[AMDGPU] Supported ds_read_b128 generation; Widened vector length for local address-space.
Summary: Starting from GCN 2nd generation, ISA supports ds_read_b128 on top of ds_read_b64.
This patch supports ds_read_b128 instruction pattern and generation of this instruction.
In the vectorizer, this patch also widen the vector length so that vectorizer generates
128 bit loads for local address-space which gets translated to ds_read_b128.

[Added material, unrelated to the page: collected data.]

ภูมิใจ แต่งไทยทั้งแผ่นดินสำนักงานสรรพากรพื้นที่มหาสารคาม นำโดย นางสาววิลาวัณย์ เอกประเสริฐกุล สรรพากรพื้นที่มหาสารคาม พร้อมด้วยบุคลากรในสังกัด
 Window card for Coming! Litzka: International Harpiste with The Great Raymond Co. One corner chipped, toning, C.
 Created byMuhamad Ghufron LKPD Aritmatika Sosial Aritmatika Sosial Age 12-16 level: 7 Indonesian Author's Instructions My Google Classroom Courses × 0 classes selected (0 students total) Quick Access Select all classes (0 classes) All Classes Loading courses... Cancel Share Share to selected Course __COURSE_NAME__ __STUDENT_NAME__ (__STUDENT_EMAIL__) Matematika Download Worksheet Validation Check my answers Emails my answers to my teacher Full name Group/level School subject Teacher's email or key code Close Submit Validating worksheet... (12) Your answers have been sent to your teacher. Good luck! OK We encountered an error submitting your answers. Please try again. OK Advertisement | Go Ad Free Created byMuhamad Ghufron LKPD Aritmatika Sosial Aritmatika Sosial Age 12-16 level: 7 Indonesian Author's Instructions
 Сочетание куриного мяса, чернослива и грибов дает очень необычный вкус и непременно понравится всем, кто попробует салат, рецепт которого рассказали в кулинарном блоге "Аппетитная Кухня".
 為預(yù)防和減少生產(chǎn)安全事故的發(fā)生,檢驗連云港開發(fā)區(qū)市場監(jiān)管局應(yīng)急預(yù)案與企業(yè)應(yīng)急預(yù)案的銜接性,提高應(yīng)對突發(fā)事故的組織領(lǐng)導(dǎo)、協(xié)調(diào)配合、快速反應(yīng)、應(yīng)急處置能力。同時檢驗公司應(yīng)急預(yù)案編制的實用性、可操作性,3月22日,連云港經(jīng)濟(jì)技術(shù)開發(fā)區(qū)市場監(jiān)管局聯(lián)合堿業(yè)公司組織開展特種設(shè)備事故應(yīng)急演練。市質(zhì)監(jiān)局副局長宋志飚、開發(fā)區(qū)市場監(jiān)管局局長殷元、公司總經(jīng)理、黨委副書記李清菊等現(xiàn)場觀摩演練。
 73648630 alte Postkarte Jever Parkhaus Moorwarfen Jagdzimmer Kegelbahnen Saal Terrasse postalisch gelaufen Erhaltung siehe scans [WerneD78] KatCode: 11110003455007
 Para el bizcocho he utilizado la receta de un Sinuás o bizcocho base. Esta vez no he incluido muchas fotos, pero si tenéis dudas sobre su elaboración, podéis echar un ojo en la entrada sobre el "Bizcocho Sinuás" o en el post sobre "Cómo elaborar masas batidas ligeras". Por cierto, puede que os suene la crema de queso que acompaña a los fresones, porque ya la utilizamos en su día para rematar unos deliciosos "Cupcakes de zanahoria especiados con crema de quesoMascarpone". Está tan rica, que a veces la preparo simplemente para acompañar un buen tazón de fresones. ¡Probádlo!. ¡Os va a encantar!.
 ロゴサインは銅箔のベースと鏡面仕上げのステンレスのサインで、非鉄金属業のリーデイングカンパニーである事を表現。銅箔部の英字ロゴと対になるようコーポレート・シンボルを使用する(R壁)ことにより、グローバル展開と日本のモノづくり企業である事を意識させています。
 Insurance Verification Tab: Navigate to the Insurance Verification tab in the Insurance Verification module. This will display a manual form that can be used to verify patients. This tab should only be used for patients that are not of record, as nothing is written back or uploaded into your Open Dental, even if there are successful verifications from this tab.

Since the performance benefit is not clear; compiler generates ds_read_b128 under -amdgpu-ds128.
Author: FarhanaAleen
Reviewed By: rampitec, arsenm
Subscribers: llvm-commits, AMDGPU
Differential Revision: https://reviews.llvm.org/D44210
llvm-svn: 327153
diff --git a/llvm/lib/Target/AMDGPU/DSInstructions.td b/llvm/lib/Target/AMDGPU/DSInstructions.td
index ec85da7..88484c0 100644
--- a/llvm/lib/Target/AMDGPU/DSInstructions.td
+++ b/llvm/lib/Target/AMDGPU/DSInstructions.td
@@ -649,6 +649,7 @@
let AddedComplexity = 100 in {
defm : DSReadPat_mc <DS_READ_B64, v2i32, "load_align8_local">;
+defm : DSReadPat_mc <DS_READ_B128, v4i32, "load_align16_local">;
} // End AddedComplexity = 100